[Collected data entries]
++++++++++++++++++++
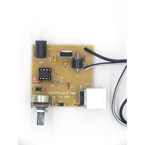 Controlador PWM de velocidade para motores dc 12V e 20A. Circuito controlador de velocidade de motores 12V e corrente de até 20A. Projetado para melhor ganho possível, baixa dissipação de calor, aumentando a vida útil da bateria. opcional uso de baterias 12V ou fontes 110/220V - 12V Dc Controle de velocidade de 0 a 100% da rotação do motor através de PWM não há perda de torque . Utilização de um potenciômetro para regulagem Funciona perfeitamente em motores de vidro elétrico automotivo, motores bosh 12V, motores Pittman, mabuchi e diversos outros motores utilizados em projetos que necessitam de alto torque. Suporta picos de corrente de até 30A. basta ligar a fonte/bateria no controlador e os fios no motor para iniciar o uso . OBS: Para correntes acima de 10A trocar o dissipador por um maior e para correntes acima de 14A, colocar um cooler para auxiliar a dissipação de calor. Caracteristicas Tensão de funcionamento = 12V dc Limite de corrente = 20A Dimensões = 5 cm X 5 cm X 3 cm
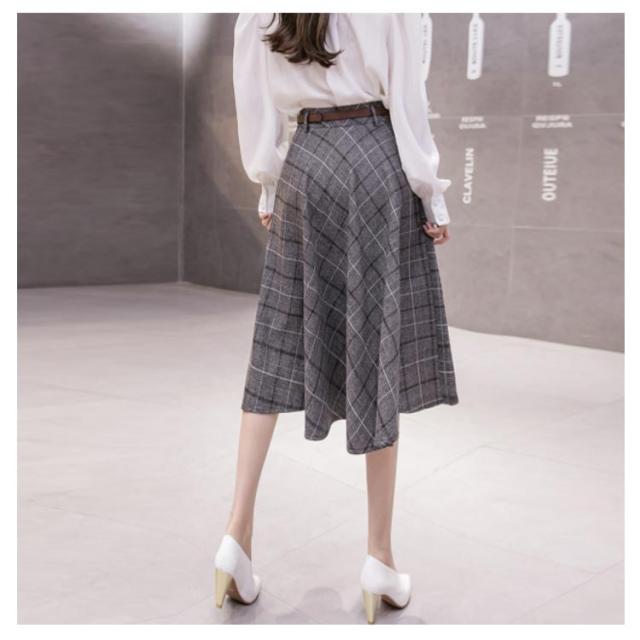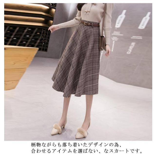 グレンチェック柄 チェック柄 ベルト付き レディース ロングスカート aラインスカート ミモレ丈 膝下丈 総柄 体型カバー ボトムス スカート 大きいサイズ フレアスカート
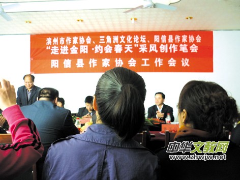 本報(bào)訊;4月16日,山東省濱州市作家協(xié)會(huì),黃河三角洲文化論壇在陽(yáng)信金陽(yáng)辦事處會(huì)議室舉行,黃河三角洲文化論壇管理員張維亮,山東省散文學(xué)會(huì)秘書長(zhǎng)王展,濱州市作家協(xié)會(huì)主席李登建,陽(yáng)信作家協(xié)會(huì)主席徐玉峰,陽(yáng)信金陽(yáng)辦事處黨工委書記呂保平及濱州市作家協(xié)會(huì),陽(yáng)信作家協(xié)會(huì)會(huì)員60余人出席了會(huì)議。會(huì)議就陽(yáng)信是黃河三角洲經(jīng)濟(jì)區(qū)和山東藍(lán)色經(jīng)濟(jì)區(qū)重疊區(qū)域的優(yōu)勢(shì),給作家詩(shī)人創(chuàng)造了難得的機(jī)遇和良好平臺(tái),各級(jí)領(lǐng)導(dǎo)希望廣大作家。詩(shī)人多寫作品多出精品。
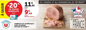 Actuellement en offre chez Super U : Jambon cuit supérieur u avec couenne nature ou fumé ✅ Valable du 17-02 au 1-03.
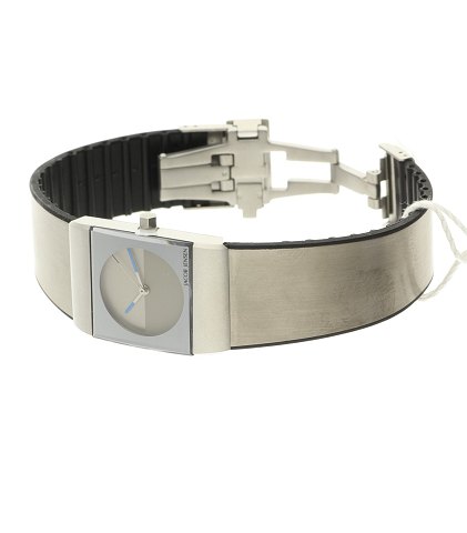Swiss made, water resistent, urkasse og rem af rustfrit stål, rem beklædt med gummi på bagside, foldelås. Urkasse 23 x 33 mm, 2-farvet grå skive, safirglas. Fabriksnyt, nypris 4495,- stammer fra ophør.
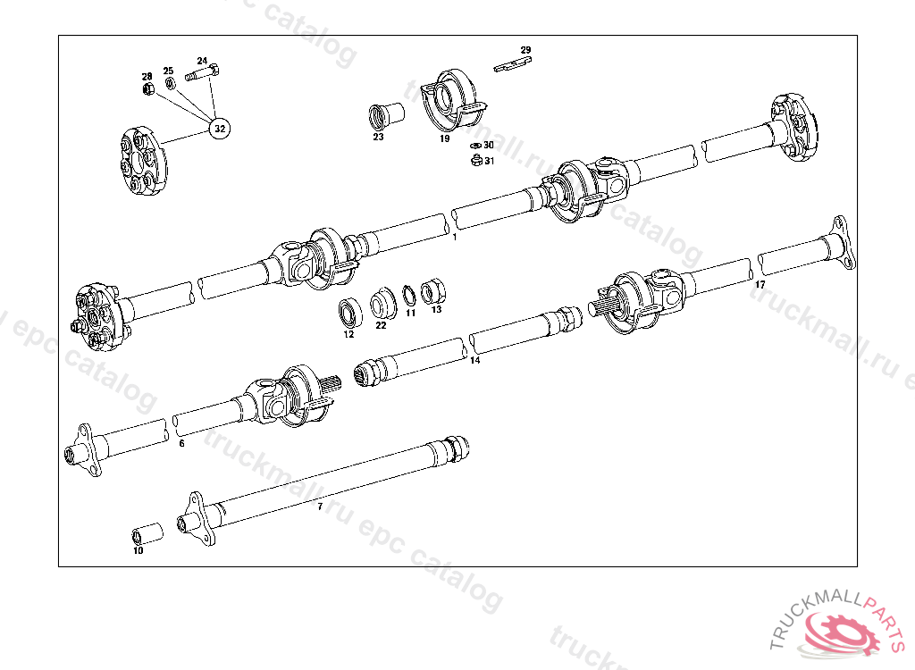 PROPELLER SHAFT FRONT, FROM CHASSIS: 015,115 200001 110 400001 005,017,105,108,117,119 000001
++++++++++++++++++++
What the task requires: Repeat each record as given. No picture belongs in the copy.

Result:
 Controlador PWM de velocidade para motores dc 12V e 20A. Circuito controlador de velocidade de motores 12V e corrente de até 20A. Projetado para melhor ganho possível, baixa dissipação de calor, aumentando a vida útil da bateria. opcional uso de baterias 12V ou fontes 110/220V - 12V Dc Controle de velocidade de 0 a 100% da rotação do motor através de PWM não há perda de torque . Utilização de um potenciômetro para regulagem Funciona perfeitamente em motores de vidro elétrico automotivo, motores bosh 12V, motores Pittman, mabuchi e diversos outros motores utilizados em projetos que necessitam de alto torque. Suporta picos de corrente de até 30A. basta ligar a fonte/bateria no controlador e os fios no motor para iniciar o uso . OBS: Para correntes acima de 10A trocar o dissipador por um maior e para correntes acima de 14A, colocar um cooler para auxiliar a dissipação de calor. Caracteristicas Tensão de funcionamento = 12V dc Limite de corrente = 20A Dimensões = 5 cm X 5 cm X 3 cm
 グレンチェック柄 チェック柄 ベルト付き レディース ロングスカート aラインスカート ミモレ丈 膝下丈 総柄 体型カバー ボトムス スカート 大きいサイズ フレアスカート
 本報(bào)訊;4月16日,山東省濱州市作家協(xié)會(huì),黃河三角洲文化論壇在陽(yáng)信金陽(yáng)辦事處會(huì)議室舉行,黃河三角洲文化論壇管理員張維亮,山東省散文學(xué)會(huì)秘書長(zhǎng)王展,濱州市作家協(xié)會(huì)主席李登建,陽(yáng)信作家協(xié)會(huì)主席徐玉峰,陽(yáng)信金陽(yáng)辦事處黨工委書記呂保平及濱州市作家協(xié)會(huì),陽(yáng)信作家協(xié)會(huì)會(huì)員60余人出席了會(huì)議。會(huì)議就陽(yáng)信是黃河三角洲經(jīng)濟(jì)區(qū)和山東藍(lán)色經(jīng)濟(jì)區(qū)重疊區(qū)域的優(yōu)勢(shì),給作家詩(shī)人創(chuàng)造了難得的機(jī)遇和良好平臺(tái),各級(jí)領(lǐng)導(dǎo)希望廣大作家。詩(shī)人多寫作品多出精品。
 Actuellement en offre chez Super U : Jambon cuit supérieur u avec couenne nature ou fumé ✅ Valable du 17-02 au 1-03.
Swiss made, water resistent, urkasse og rem af rustfrit stål, rem beklædt med gummi på bagside, foldelås. Urkasse 23 x 33 mm, 2-farvet grå skive, safirglas. Fabriksnyt, nypris 4495,- stammer fra ophør.
 PROPELLER SHAFT FRONT, FROM CHASSIS: 015,115 200001 110 400001 005,017,105,108,117,119 000001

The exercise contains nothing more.